> WORK INSTRUCTION
Copy out the full listing exactly, omitting any picture it contains.

> AVAILABLE DATA
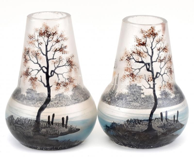 Balatonlelle vázapár, kézzel festett üveg, 1920 körül. apró lepattanás... https://www.darabanth.com/hu/414-Gyorsarveres/414.0/Porcelan-keramia-uveg/Uvegtargyak~500007/Balatonlelle-vazapar-kezzel-festett-uveg-1920-korul-apro-lepattanasokkal-kopott-m8-5cm~II2587663
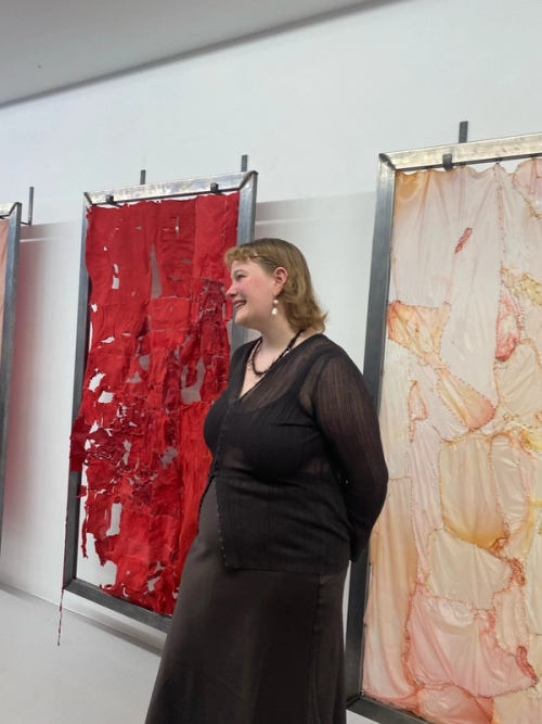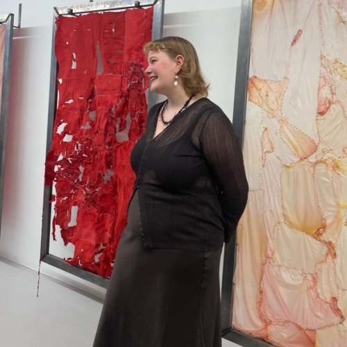 Sofie Alm Nordsveen (f.1997, Oslo) har en BFA i materialbasert kunst fra KHiO og en MFA i Craft fra HDK-Valand. Hun er en tekstil og tekst basert kunstner som arbeider med konseptuelt håndverk. I sitt arbeide forsøker hun å forstå det menneskelige kjøttet og hvordan vi ser på og forstår kropp. De siste årene har hun arbeidet med vold og traumer i relasjon til kroppen, men også identitet, omsorg, relasjoner og felleskap som en motvekt til undertrykkelsen og motstanden kroppene våre utsettes for gjennom livet. Hun tar utgangspunkt i tekstile metoder og materialer som silke, velur og viskose, men også menneskehår, latex, keramikk og metall.
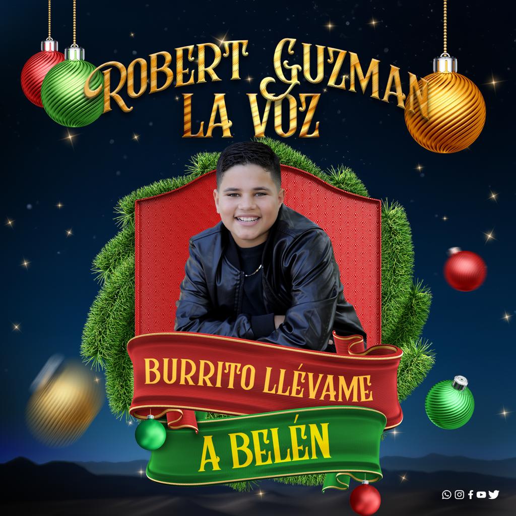 Burrito llévame a Belén, es la nueva propuesta de temporada de Robert Guzmán, «La Voz», el cual ya se puede encontrar en todas las plataformas digitales y que en los próximos días contará con un trabajo audiovisual, el cual recreará las vivencias de ésta hermosa canción, escrita especialmente para éste niño prodigio, que con su voz de ángel, se ha ganado el respeto y la admiración del pueblo dominicano.

> RESPONSE
 Balatonlelle vázapár, kézzel festett üveg, 1920 körül. apró lepattanás... https://www.darabanth.com/hu/414-Gyorsarveres/414.0/Porcelan-keramia-uveg/Uvegtargyak~500007/Balatonlelle-vazapar-kezzel-festett-uveg-1920-korul-apro-lepattanasokkal-kopott-m8-5cm~II2587663
 Sofie Alm Nordsveen (f.1997, Oslo) har en BFA i materialbasert kunst fra KHiO og en MFA i Craft fra HDK-Valand. Hun er en tekstil og tekst basert kunstner som arbeider med konseptuelt håndverk. I sitt arbeide forsøker hun å forstå det menneskelige kjøttet og hvordan vi ser på og forstår kropp. De siste årene har hun arbeidet med vold og traumer i relasjon til kroppen, men også identitet, omsorg, relasjoner og felleskap som en motvekt til undertrykkelsen og motstanden kroppene våre utsettes for gjennom livet. Hun tar utgangspunkt i tekstile metoder og materialer som silke, velur og viskose, men også menneskehår, latex, keramikk og metall.
 Burrito llévame a Belén, es la nueva propuesta de temporada de Robert Guzmán, «La Voz», el cual ya se puede encontrar en todas las plataformas digitales y que en los próximos días contará con un trabajo audiovisual, el cual recreará las vivencias de ésta hermosa canción, escrita especialmente para éste niño prodigio, que con su voz de ángel, se ha ganado el respeto y la admiración del pueblo dominicano.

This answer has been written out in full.